— DATA EXTRACT —
——

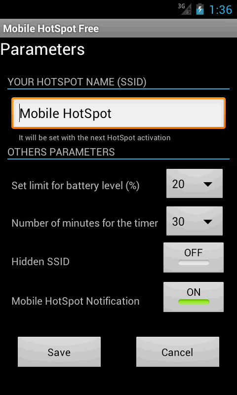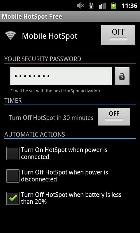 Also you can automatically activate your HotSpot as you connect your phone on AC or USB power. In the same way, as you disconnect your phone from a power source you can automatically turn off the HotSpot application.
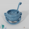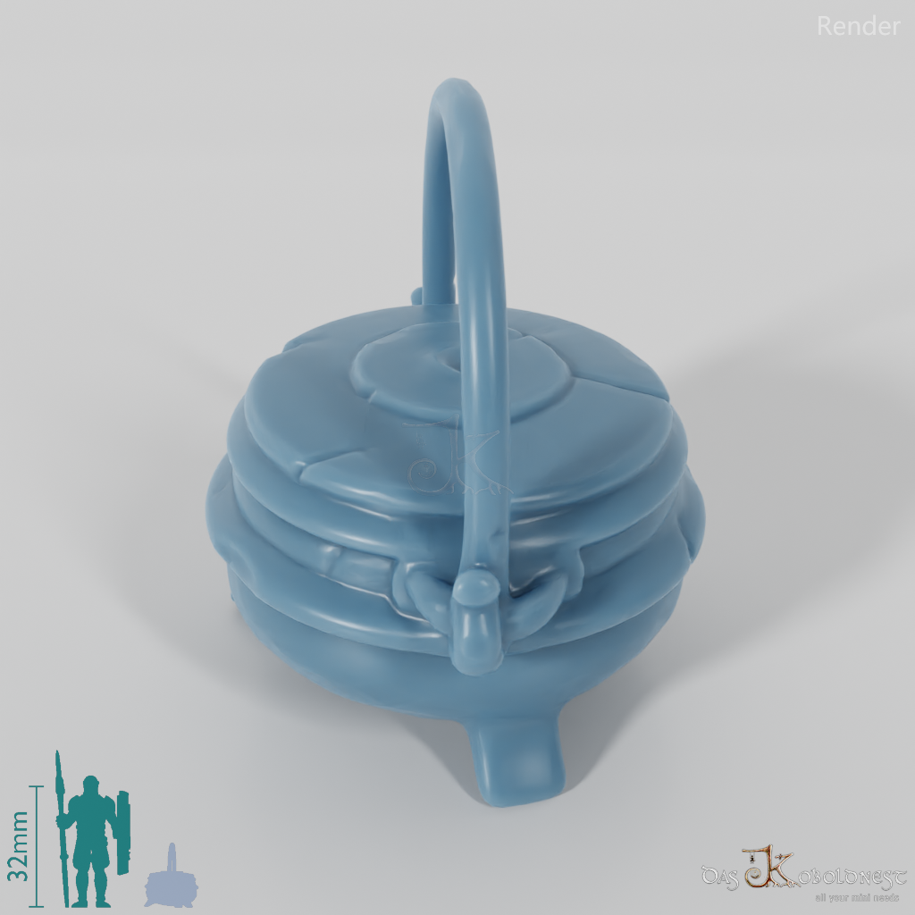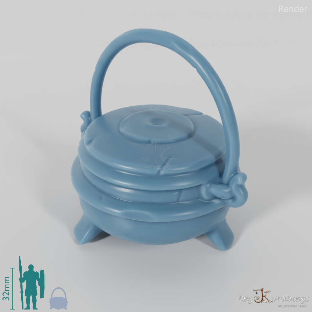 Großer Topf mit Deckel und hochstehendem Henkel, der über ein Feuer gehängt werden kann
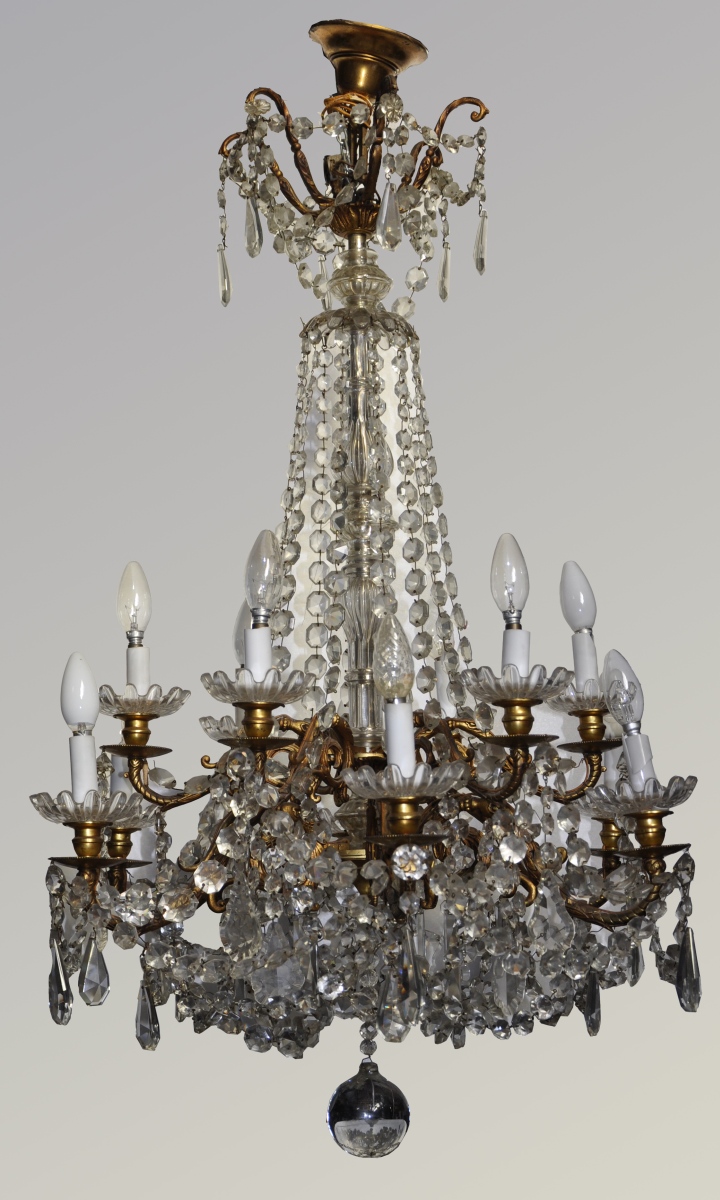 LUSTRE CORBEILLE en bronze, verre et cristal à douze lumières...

——

— EXERCISE —
Leaving out only the pictures, reproduce the listing exactly.

— ANSWER FOR THIS EXERCISE —
 Also you can automatically activate your HotSpot as you connect your phone on AC or USB power. In the same way, as you disconnect your phone from a power source you can automatically turn off the HotSpot application.
 Großer Topf mit Deckel und hochstehendem Henkel, der über ein Feuer gehängt werden kann
 LUSTRE CORBEILLE en bronze, verre et cristal à douze lumières...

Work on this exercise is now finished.